Sirt1, an NAD+-dependent protein deacylase, has recently emerged as an important regulator of angiogenesis and endothelial dysfunction. Genetic ablation of Sirt1 abrogates postnatal vascular growth in vivo. In hindlimb ischemia model, Sirt1 deletion results in the impairment of skeletal muscle capillary growth. Most importantly, Sirt1 activation through pharmacological interventions has been a useful approach to reproduce the benefits imparted by it, including protection from diabetes, metabolic disorders, cardiovascular disease and neurodegeneration. While several Sirt1 activating compounds (STACs) have been identified that stimulate Sirt1 activity via allosteric mechanism, bioavailability of NAD+ cofactor remains a critical determinant of Sirt1 activity in aged and several diseases.

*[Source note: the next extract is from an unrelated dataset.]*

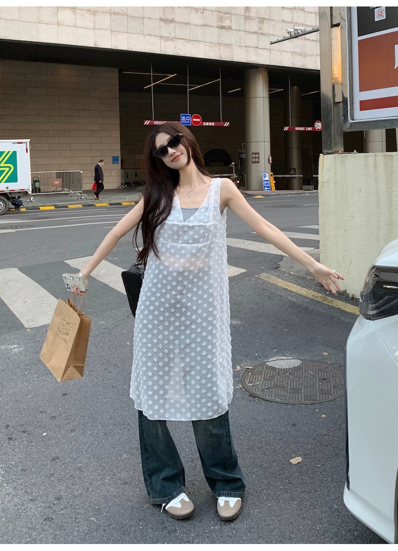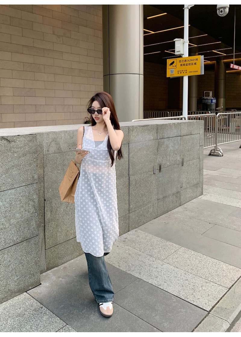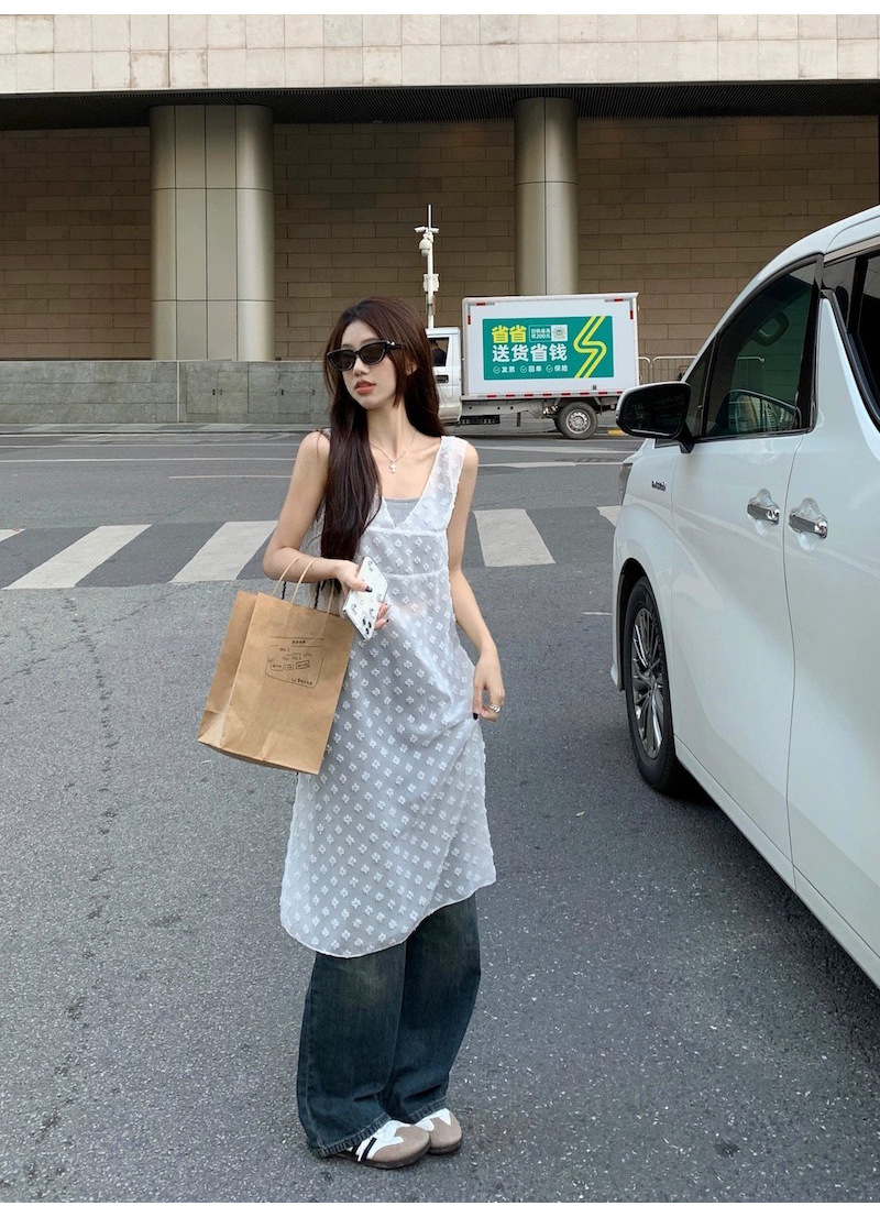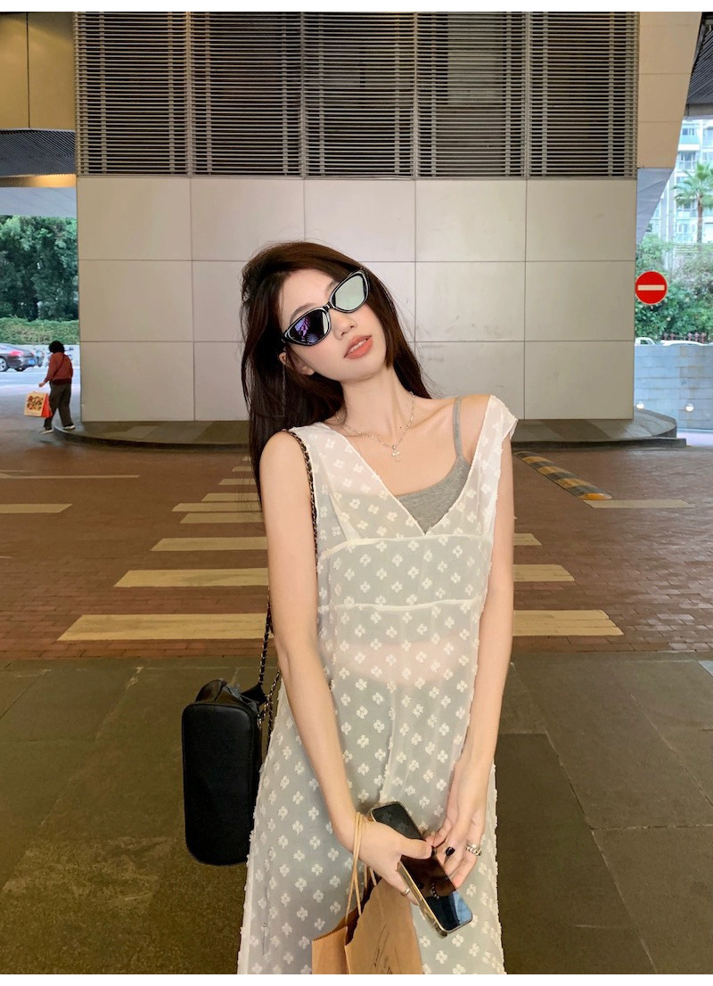 디자인 센스 틈새 슈퍼 요정 화이트 원근감 쌓인 레이스 긴 원피스 해변 휴가 착용 사진 원피스스토어 가기

During aging, NAD+ levels significantly decrease in several tissues in mammals. Boosting the levels of NAD+ using NAD+ precursor, such as nicotinamide mononucleotide (NMN), is emerging to be a promising approach to ameliorate metabolic abnormalities and age-related pathologies. The present study investigates if Sirt1 plays any role in remodeling muscle microvascular density and if NMN can be used to rescue age-associated decline in muscle microvascular density and exercise capacity.

We, hereby, report that we have identified Sirt1 as a critical regulator of skeletal muscle microvascular remodeling during aging and exercise. To this end we have generated endothelial cell-specific Sirt1 knockout and overexpressing mice to study the role of Sirt1 in muscle capillaries in vivo. Our data showed that Sirt1 loss-of-function in murine muscle capillaries resulted in 50% decrease in muscle capillary density by 6 months of age. This eventually led to a decline in exercise capacity in these mice. Using exercise-mimetic mice that have muscle-specific PGC1α overexpression, we have demonstrated that Sirt1 in endothelium is required for PGC1α-mediated angiogenesis in muscle. Moreover, we showed that endothelial-specific Sirt1 deletion in these mice reduced their exercise capacity in spite of PGC1α overexpression. Subsequently, we showed that gain-of-function of Sirt1 in endothelial cells prevent age-associated decline in muscle capillary density and exercise capacity in mice. After confirming the role of endothelial Sirt1 in muscle microvasculature remodeling and exercise capacity we investigated the possibility of reproducing these beneficial effects Sirt1 by pharmacologically raising NAD+ levels in old mice. We supplemented NMN at 300mg/kg/day in the drinking water of 18 months old chow-fed mice. After two months of NMN feeding, we observed a robust improvement in exercise capacity of old mice, where NMN-fed old mice ran two times greater distance compared to vehicle-fed old mice in a treadmill test. We also observed that systemic administration of NMN reversed the age-associated decline in muscle capillary density, where NMN-fed mice have higher capillary density compared to vehicle-fed mice. Next we validated the role of NMN and its Sirt1-dependency in regulating endothelial function using ex vivo and in vitro angiogenesis assays. Results from these assays confirmed that Sirt1 regulates NMN-mediated pro-angiogenic properties in endothelial cells. Identifying the therapeutic role of NMN in modulating vascular density will be of high clinical significance in the treatment of diseases with vascular insufficiency such as peripheral artery disease, myocardial ischemia, vascular disease of the central nervous system, erectile dysfunction, and wound healing.